Material for this exercise >>
++++++++

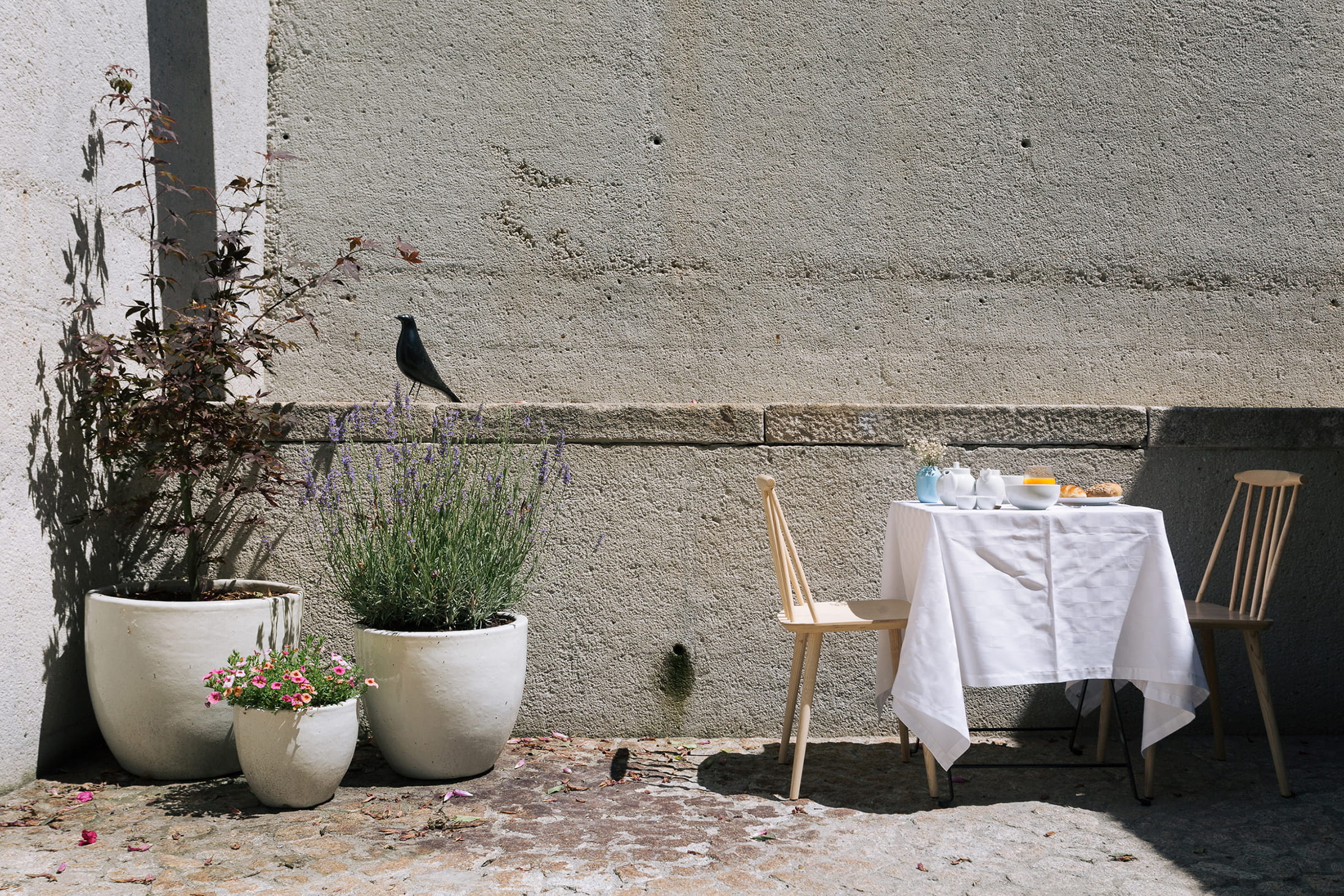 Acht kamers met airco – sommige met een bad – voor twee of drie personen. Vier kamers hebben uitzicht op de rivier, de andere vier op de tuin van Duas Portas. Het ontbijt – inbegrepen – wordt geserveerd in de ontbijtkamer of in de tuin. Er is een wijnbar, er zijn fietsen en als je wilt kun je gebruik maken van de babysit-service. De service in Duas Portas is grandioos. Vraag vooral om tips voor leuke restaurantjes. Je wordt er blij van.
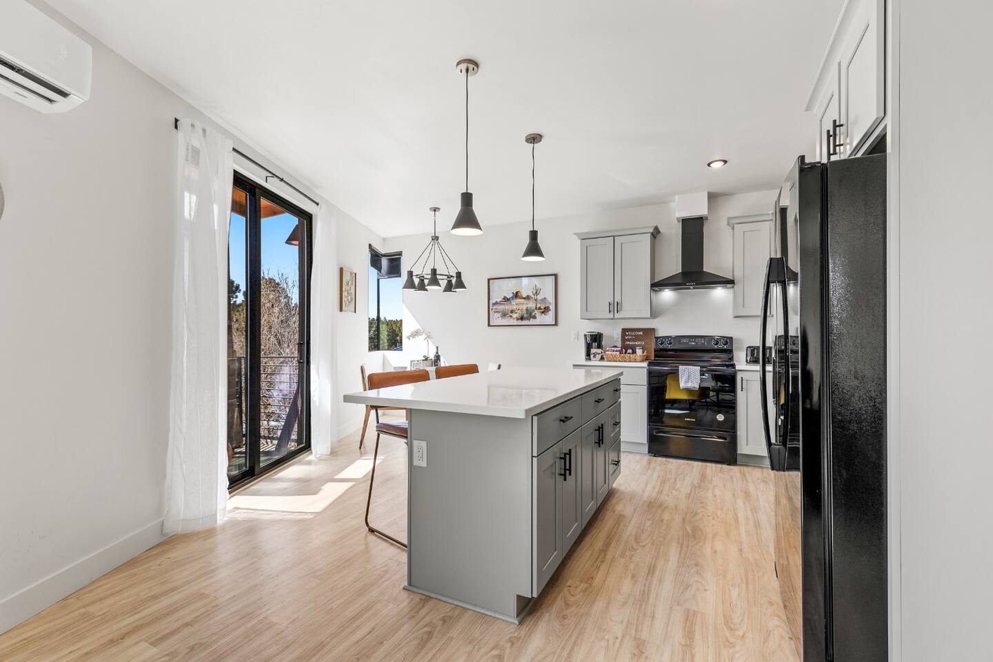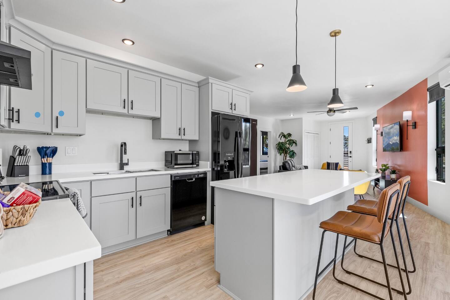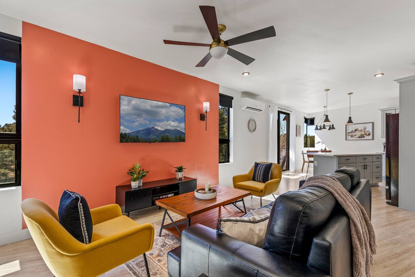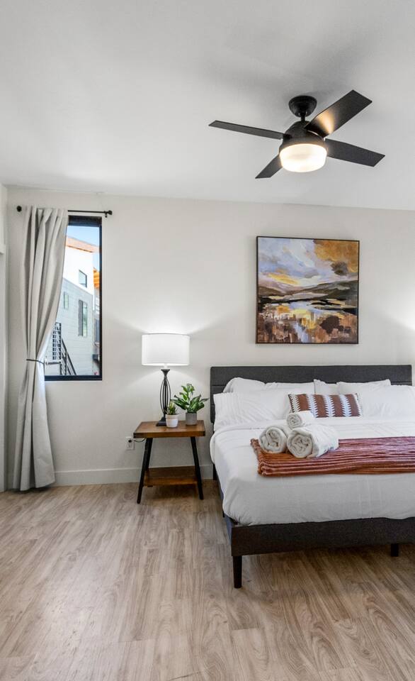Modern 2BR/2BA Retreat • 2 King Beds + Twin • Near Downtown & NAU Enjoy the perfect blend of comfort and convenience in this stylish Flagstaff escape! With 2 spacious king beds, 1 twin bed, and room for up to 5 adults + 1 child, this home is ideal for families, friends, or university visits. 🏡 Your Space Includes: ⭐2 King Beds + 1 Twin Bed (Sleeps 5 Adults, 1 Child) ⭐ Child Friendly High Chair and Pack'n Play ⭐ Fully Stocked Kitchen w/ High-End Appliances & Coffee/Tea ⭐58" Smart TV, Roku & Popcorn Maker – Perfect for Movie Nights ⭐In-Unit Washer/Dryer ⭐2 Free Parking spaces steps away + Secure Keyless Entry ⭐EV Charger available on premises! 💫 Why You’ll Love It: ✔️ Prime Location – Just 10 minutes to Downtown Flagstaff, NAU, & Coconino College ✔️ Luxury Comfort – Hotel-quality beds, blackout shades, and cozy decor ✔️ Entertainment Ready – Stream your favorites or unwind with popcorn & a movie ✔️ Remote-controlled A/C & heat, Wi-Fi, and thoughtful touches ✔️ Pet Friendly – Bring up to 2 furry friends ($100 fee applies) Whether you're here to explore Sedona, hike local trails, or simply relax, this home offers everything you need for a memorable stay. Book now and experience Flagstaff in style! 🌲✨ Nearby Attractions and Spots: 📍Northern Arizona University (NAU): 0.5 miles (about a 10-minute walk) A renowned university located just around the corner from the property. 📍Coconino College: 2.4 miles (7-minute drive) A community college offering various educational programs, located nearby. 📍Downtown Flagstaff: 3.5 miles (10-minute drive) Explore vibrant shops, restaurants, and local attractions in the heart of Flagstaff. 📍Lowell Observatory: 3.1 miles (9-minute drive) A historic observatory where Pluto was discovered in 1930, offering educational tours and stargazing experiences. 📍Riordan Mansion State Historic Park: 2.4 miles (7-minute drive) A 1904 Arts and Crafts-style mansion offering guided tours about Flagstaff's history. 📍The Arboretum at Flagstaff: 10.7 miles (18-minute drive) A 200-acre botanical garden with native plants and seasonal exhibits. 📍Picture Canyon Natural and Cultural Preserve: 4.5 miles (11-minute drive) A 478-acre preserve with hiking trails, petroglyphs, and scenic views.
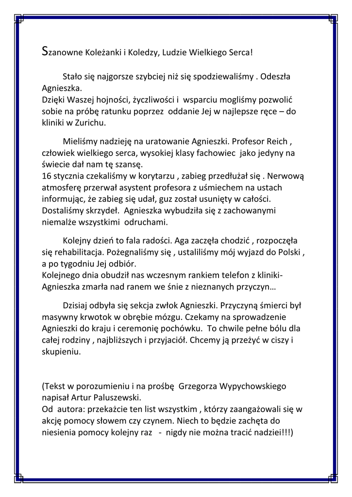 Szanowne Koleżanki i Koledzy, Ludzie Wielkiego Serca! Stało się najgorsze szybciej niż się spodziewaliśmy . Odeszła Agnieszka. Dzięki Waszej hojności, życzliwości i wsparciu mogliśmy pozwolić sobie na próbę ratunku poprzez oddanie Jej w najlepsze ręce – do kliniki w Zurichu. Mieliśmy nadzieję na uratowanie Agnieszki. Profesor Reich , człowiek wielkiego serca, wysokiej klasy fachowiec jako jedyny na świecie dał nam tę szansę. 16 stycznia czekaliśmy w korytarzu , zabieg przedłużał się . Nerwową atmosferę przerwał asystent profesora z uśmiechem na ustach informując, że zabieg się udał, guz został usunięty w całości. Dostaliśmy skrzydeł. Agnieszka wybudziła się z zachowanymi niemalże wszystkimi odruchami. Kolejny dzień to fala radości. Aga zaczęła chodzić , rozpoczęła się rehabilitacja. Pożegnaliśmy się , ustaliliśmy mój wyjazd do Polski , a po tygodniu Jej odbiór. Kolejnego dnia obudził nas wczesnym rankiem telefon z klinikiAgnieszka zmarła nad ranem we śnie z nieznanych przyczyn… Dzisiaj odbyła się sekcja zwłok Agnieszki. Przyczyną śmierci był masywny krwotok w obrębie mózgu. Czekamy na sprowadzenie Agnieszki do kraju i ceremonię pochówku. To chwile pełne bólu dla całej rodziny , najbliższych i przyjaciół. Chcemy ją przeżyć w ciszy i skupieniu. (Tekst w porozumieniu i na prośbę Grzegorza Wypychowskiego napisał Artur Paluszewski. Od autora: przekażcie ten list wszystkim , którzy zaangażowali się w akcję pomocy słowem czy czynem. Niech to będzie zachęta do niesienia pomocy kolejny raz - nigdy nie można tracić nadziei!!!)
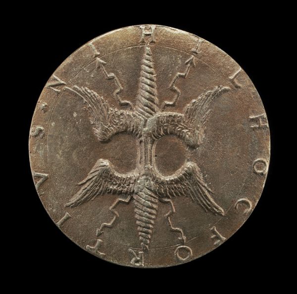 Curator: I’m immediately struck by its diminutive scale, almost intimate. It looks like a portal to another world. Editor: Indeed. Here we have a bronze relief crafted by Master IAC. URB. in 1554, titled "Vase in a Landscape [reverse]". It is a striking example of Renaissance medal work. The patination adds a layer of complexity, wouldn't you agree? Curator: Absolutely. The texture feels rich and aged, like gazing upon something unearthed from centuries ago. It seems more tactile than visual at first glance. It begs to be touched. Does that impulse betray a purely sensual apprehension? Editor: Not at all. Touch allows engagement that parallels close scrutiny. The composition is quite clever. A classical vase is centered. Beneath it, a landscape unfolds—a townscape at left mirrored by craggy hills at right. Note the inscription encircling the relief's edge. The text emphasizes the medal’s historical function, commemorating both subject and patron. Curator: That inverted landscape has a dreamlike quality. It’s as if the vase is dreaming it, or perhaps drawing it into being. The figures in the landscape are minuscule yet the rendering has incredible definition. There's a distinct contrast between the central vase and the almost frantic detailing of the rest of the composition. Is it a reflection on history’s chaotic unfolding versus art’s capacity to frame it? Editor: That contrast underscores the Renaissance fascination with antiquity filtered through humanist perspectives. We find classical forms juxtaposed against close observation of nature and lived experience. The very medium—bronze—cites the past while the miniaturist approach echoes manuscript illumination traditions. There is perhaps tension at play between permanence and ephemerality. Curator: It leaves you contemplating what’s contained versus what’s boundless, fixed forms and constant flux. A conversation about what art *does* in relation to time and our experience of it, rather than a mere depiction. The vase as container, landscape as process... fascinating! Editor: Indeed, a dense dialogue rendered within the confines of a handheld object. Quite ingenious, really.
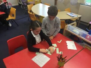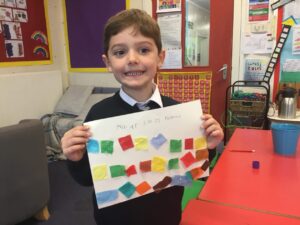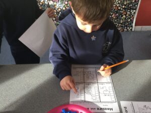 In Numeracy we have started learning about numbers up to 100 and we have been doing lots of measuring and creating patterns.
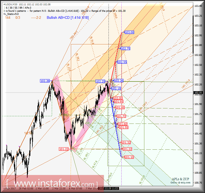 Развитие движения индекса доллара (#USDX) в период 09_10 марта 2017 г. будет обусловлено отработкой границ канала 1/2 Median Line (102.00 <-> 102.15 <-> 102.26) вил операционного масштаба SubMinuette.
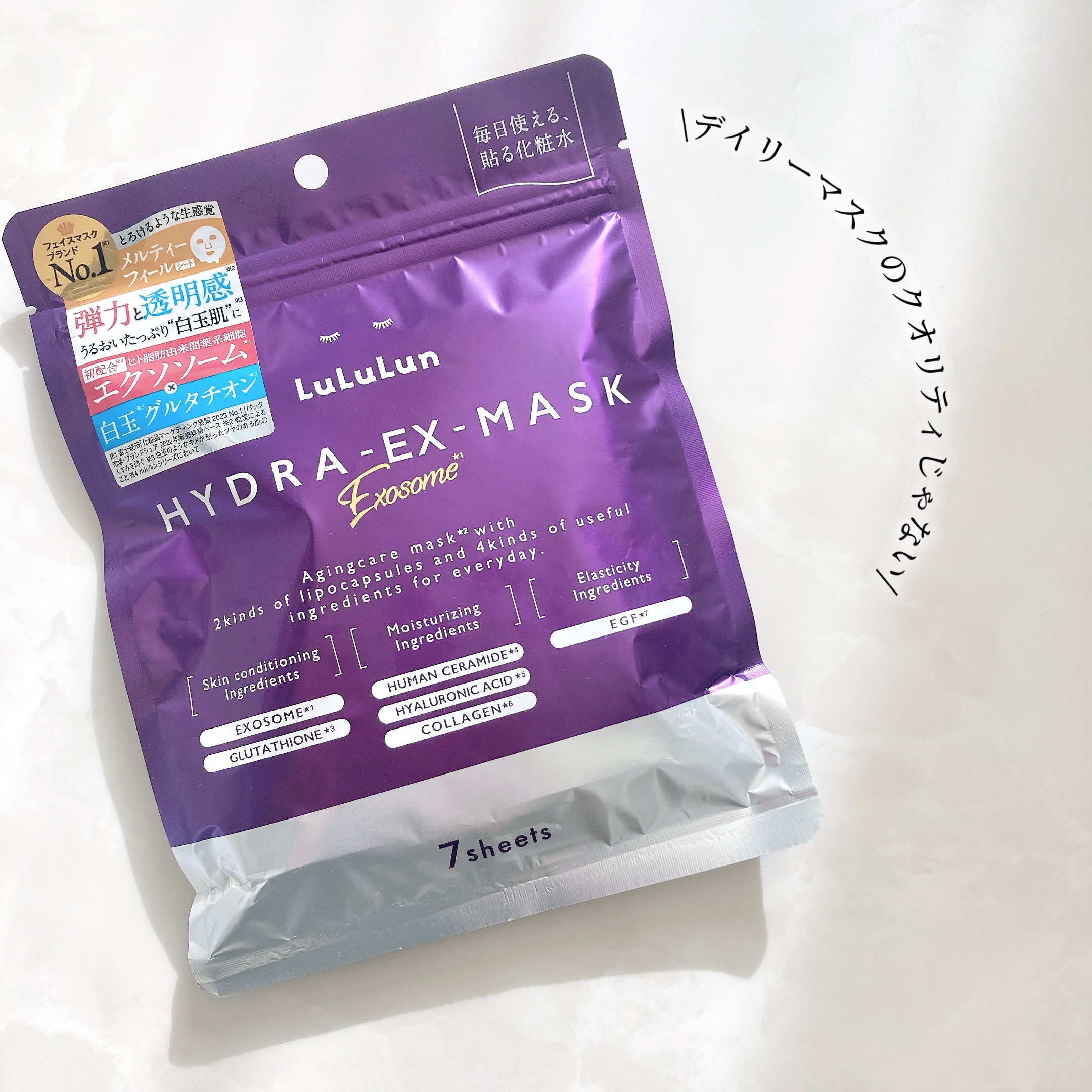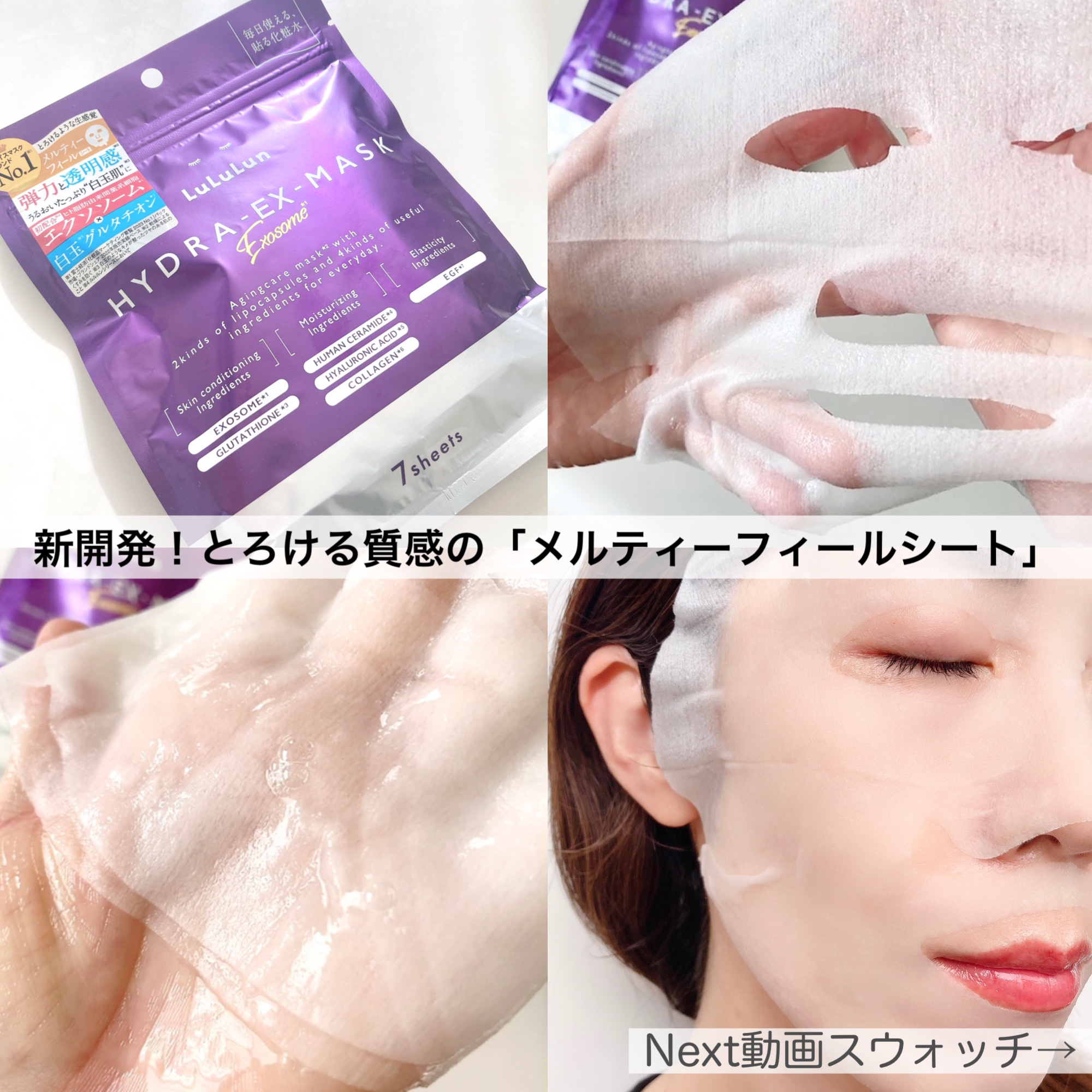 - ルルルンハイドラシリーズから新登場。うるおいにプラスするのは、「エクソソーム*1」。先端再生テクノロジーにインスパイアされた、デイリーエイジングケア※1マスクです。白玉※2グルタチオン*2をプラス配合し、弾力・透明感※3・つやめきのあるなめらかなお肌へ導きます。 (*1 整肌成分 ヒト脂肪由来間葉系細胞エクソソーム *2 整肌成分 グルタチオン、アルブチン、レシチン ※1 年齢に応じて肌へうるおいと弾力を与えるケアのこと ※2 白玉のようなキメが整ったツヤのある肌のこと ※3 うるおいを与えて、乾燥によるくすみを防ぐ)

++++++++

None of the pictures belong in the copy; transcribe the rest of the data exactly.

Exercise answer >>
 Acht kamers met airco – sommige met een bad – voor twee of drie personen. Vier kamers hebben uitzicht op de rivier, de andere vier op de tuin van Duas Portas. Het ontbijt – inbegrepen – wordt geserveerd in de ontbijtkamer of in de tuin. Er is een wijnbar, er zijn fietsen en als je wilt kun je gebruik maken van de babysit-service. De service in Duas Portas is grandioos. Vraag vooral om tips voor leuke restaurantjes. Je wordt er blij van.
Modern 2BR/2BA Retreat • 2 King Beds + Twin • Near Downtown & NAU Enjoy the perfect blend of comfort and convenience in this stylish Flagstaff escape! With 2 spacious king beds, 1 twin bed, and room for up to 5 adults + 1 child, this home is ideal for families, friends, or university visits. 🏡 Your Space Includes: ⭐2 King Beds + 1 Twin Bed (Sleeps 5 Adults, 1 Child) ⭐ Child Friendly High Chair and Pack'n Play ⭐ Fully Stocked Kitchen w/ High-End Appliances & Coffee/Tea ⭐58" Smart TV, Roku & Popcorn Maker – Perfect for Movie Nights ⭐In-Unit Washer/Dryer ⭐2 Free Parking spaces steps away + Secure Keyless Entry ⭐EV Charger available on premises! 💫 Why You’ll Love It: ✔️ Prime Location – Just 10 minutes to Downtown Flagstaff, NAU, & Coconino College ✔️ Luxury Comfort – Hotel-quality beds, blackout shades, and cozy decor ✔️ Entertainment Ready – Stream your favorites or unwind with popcorn & a movie ✔️ Remote-controlled A/C & heat, Wi-Fi, and thoughtful touches ✔️ Pet Friendly – Bring up to 2 furry friends ($100 fee applies) Whether you're here to explore Sedona, hike local trails, or simply relax, this home offers everything you need for a memorable stay. Book now and experience Flagstaff in style! 🌲✨ Nearby Attractions and Spots: 📍Northern Arizona University (NAU): 0.5 miles (about a 10-minute walk) A renowned university located just around the corner from the property. 📍Coconino College: 2.4 miles (7-minute drive) A community college offering various educational programs, located nearby. 📍Downtown Flagstaff: 3.5 miles (10-minute drive) Explore vibrant shops, restaurants, and local attractions in the heart of Flagstaff. 📍Lowell Observatory: 3.1 miles (9-minute drive) A historic observatory where Pluto was discovered in 1930, offering educational tours and stargazing experiences. 📍Riordan Mansion State Historic Park: 2.4 miles (7-minute drive) A 1904 Arts and Crafts-style mansion offering guided tours about Flagstaff's history. 📍The Arboretum at Flagstaff: 10.7 miles (18-minute drive) A 200-acre botanical garden with native plants and seasonal exhibits. 📍Picture Canyon Natural and Cultural Preserve: 4.5 miles (11-minute drive) A 478-acre preserve with hiking trails, petroglyphs, and scenic views.
 Szanowne Koleżanki i Koledzy, Ludzie Wielkiego Serca! Stało się najgorsze szybciej niż się spodziewaliśmy . Odeszła Agnieszka. Dzięki Waszej hojności, życzliwości i wsparciu mogliśmy pozwolić sobie na próbę ratunku poprzez oddanie Jej w najlepsze ręce – do kliniki w Zurichu. Mieliśmy nadzieję na uratowanie Agnieszki. Profesor Reich , człowiek wielkiego serca, wysokiej klasy fachowiec jako jedyny na świecie dał nam tę szansę. 16 stycznia czekaliśmy w korytarzu , zabieg przedłużał się . Nerwową atmosferę przerwał asystent profesora z uśmiechem na ustach informując, że zabieg się udał, guz został usunięty w całości. Dostaliśmy skrzydeł. Agnieszka wybudziła się z zachowanymi niemalże wszystkimi odruchami. Kolejny dzień to fala radości. Aga zaczęła chodzić , rozpoczęła się rehabilitacja. Pożegnaliśmy się , ustaliliśmy mój wyjazd do Polski , a po tygodniu Jej odbiór. Kolejnego dnia obudził nas wczesnym rankiem telefon z klinikiAgnieszka zmarła nad ranem we śnie z nieznanych przyczyn… Dzisiaj odbyła się sekcja zwłok Agnieszki. Przyczyną śmierci był masywny krwotok w obrębie mózgu. Czekamy na sprowadzenie Agnieszki do kraju i ceremonię pochówku. To chwile pełne bólu dla całej rodziny , najbliższych i przyjaciół. Chcemy ją przeżyć w ciszy i skupieniu. (Tekst w porozumieniu i na prośbę Grzegorza Wypychowskiego napisał Artur Paluszewski. Od autora: przekażcie ten list wszystkim , którzy zaangażowali się w akcję pomocy słowem czy czynem. Niech to będzie zachęta do niesienia pomocy kolejny raz - nigdy nie można tracić nadziei!!!)
 Curator: I’m immediately struck by its diminutive scale, almost intimate. It looks like a portal to another world. Editor: Indeed. Here we have a bronze relief crafted by Master IAC. URB. in 1554, titled "Vase in a Landscape [reverse]". It is a striking example of Renaissance medal work. The patination adds a layer of complexity, wouldn't you agree? Curator: Absolutely. The texture feels rich and aged, like gazing upon something unearthed from centuries ago. It seems more tactile than visual at first glance. It begs to be touched. Does that impulse betray a purely sensual apprehension? Editor: Not at all. Touch allows engagement that parallels close scrutiny. The composition is quite clever. A classical vase is centered. Beneath it, a landscape unfolds—a townscape at left mirrored by craggy hills at right. Note the inscription encircling the relief's edge. The text emphasizes the medal’s historical function, commemorating both subject and patron. Curator: That inverted landscape has a dreamlike quality. It’s as if the vase is dreaming it, or perhaps drawing it into being. The figures in the landscape are minuscule yet the rendering has incredible definition. There's a distinct contrast between the central vase and the almost frantic detailing of the rest of the composition. Is it a reflection on history’s chaotic unfolding versus art’s capacity to frame it? Editor: That contrast underscores the Renaissance fascination with antiquity filtered through humanist perspectives. We find classical forms juxtaposed against close observation of nature and lived experience. The very medium—bronze—cites the past while the miniaturist approach echoes manuscript illumination traditions. There is perhaps tension at play between permanence and ephemerality. Curator: It leaves you contemplating what’s contained versus what’s boundless, fixed forms and constant flux. A conversation about what art *does* in relation to time and our experience of it, rather than a mere depiction. The vase as container, landscape as process... fascinating! Editor: Indeed, a dense dialogue rendered within the confines of a handheld object. Quite ingenious, really.
 In Numeracy we have started learning about numbers up to 100 and we have been doing lots of measuring and creating patterns.
 Развитие движения индекса доллара (#USDX) в период 09_10 марта 2017 г. будет обусловлено отработкой границ канала 1/2 Median Line (102.00 <-> 102.15 <-> 102.26) вил операционного масштаба SubMinuette.
 - ルルルンハイドラシリーズから新登場。うるおいにプラスするのは、「エクソソーム*1」。先端再生テクノロジーにインスパイアされた、デイリーエイジングケア※1マスクです。白玉※2グルタチオン*2をプラス配合し、弾力・透明感※3・つやめきのあるなめらかなお肌へ導きます。 (*1 整肌成分 ヒト脂肪由来間葉系細胞エクソソーム *2 整肌成分 グルタチオン、アルブチン、レシチン ※1 年齢に応じて肌へうるおいと弾力を与えるケアのこと ※2 白玉のようなキメが整ったツヤのある肌のこと ※3 うるおいを与えて、乾燥によるくすみを防ぐ)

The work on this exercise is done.